Das Kriegstagebuch des Alfred H. Fried

Spiez, 9. September.

Es braust ein Ruf . . . Allerdings nicht wie Schwertgeklirr und Wogenprall, etwa wie Harfenklang und Glockengeläute. Sie sind nicht mehr zu zählen, die Äußerungen der Staatsmänner, Diplomaten, Journalisten für die Forderungen des Pazifismus, für Schiedsgericht, Abrüstung, Völkerbund. Es mögen Heuchler unter ihnen sein, Konjunkturjäger, aber zweifellos: auch diese folgen einem innern Zwang, dem instinktiven Gefühl, dass hinter jenen Ideen der Ausweg, die Rettung liegt. Sicher sind auch Ehrliche unter ihnen, Ehrliche, denen die Erkenntnis aufgegangen, und die durch die Katastrophe erst sehen gelernt haben. Doch zeigt keiner Spuren von Schamgefühl oder Reue. Sie müssten sich doch alle sagen: Da haben wir jahrzehntelang die Verkünder der pazifistischen Lehre verlacht, uns mit einem überlegenen Lächeln über ihr uns drollig erscheinendes Treiben hinweggesetzt, überzeugt von der Höhe und Bedeutung unserer realpolitischen Großzügigkeit, und nun erkennen wir, dass wir uns geirrt haben, dass jene recht hatten und unsere Kurzsichtigkeit und Gleichgültigkeit allein daran schuld ist an dem großen Versäumnis, dessen Folge dieser schwer verhängnisvolle Krieg geworden. Sie denken gar nicht daran, sich dies zu sagen oder in ihrem ungestümen Eifer für die für sie so neue Wahrheit, der Versäumnisse von gestern sich zu erinnern.

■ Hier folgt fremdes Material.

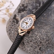 Rotgold 585. Quarzuhren sind bequemer zu bedienen, es besteht keine Notwendigkeit, sie aufzuwickeln oder sich Sorgen zu machen, dass sie für ein paar Tage im Regal liegen können. Die Genauigkeit von Quarz ist auch viel höher als die der Mechanik. Merkmale des Quarzwerks ermöglichen es Ihnen, eine dünnere und leichtere Uhr als eine mechanische Uhr zu schaffen. Unter dem strapazierfähigen Glas befindet sich ein weißes Zifferblatt mit stilisierten schwarzen Ziffern der Tagesuhr, die durch Gold-, Stunden- und Minutenzeiger angezeigt werden. Auf dem Zifferblatt befinden sich die Inschriften "Seagull Quartz", "Made in Russia".

Früher einmal habe ich unsere Stellung unseren Gegnern, den Höhnern, Lachern und Skeptikern gegenüber verglichen der Situation von Wanderern, die sich auf einem Bergesgipfel befinden und das Aufgehen der Sonne bewundern, während die unten im Tal, die die Sonne noch nicht sehen, die Wahrnehmung bestreiten. Für sie ist es Nacht. Nun ist die Sonne höher gestiegen, und auch die im Tal erkennen jetzt, dass es Tag wird.

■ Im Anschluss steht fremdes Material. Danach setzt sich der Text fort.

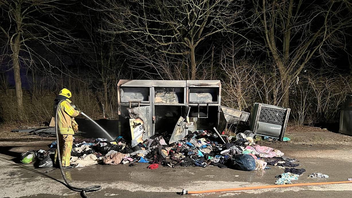 Spenden durch Feuer völlig zerstört: Wieder brennen Altkleider-Container

Graf Czernin veröffentlicht in der «Neuen Freien Presse» einen Artikel über «Schiedsgericht und Abrüstung». Er zitiert Solf und Grey und verkündet den Lesern jenes Blattes, dass in internationalen Abmachungen die Garantien zur Vermeidung künftiger Kriege zu suchen seien. Wenn das die Suttner erlebt hätte, die in jenem Blatt nur an hohen Sonn- und Feiertagen als origineller Aufputs den Lesern vorgesetzt wurde. Wenn das die Suttner erlebt hätte, dass jetzt die hohen Würdenträger des Staates die Fackel ergreifen, die sie ängstlich gewahrt und in der Finsternis früherer Tage emporgehalten hat.

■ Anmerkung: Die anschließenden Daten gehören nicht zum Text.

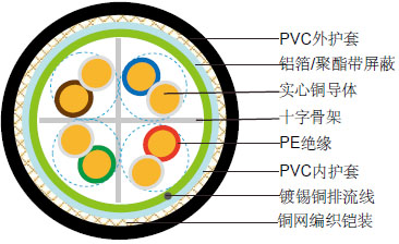 此款线缆为铝箔总屏蔽带排流线。 |

Der Pazifismus war Rettung, aber man hat sich den Rufen gegenüber taub gestellt. Jetzt, wo es brennt, sieht man es ein. Die ganze Welt ist erfüllt von uns, von unserem Geist, von unsrer Arbeit. Sie müssen uns folgen, nachdem ihre Theorien von Macht und Gewalt bankrott gemacht haben.

Wahrhaftig, es ist eine Genugtuung, das zu erleben, aber — eine traurige Genugtuung.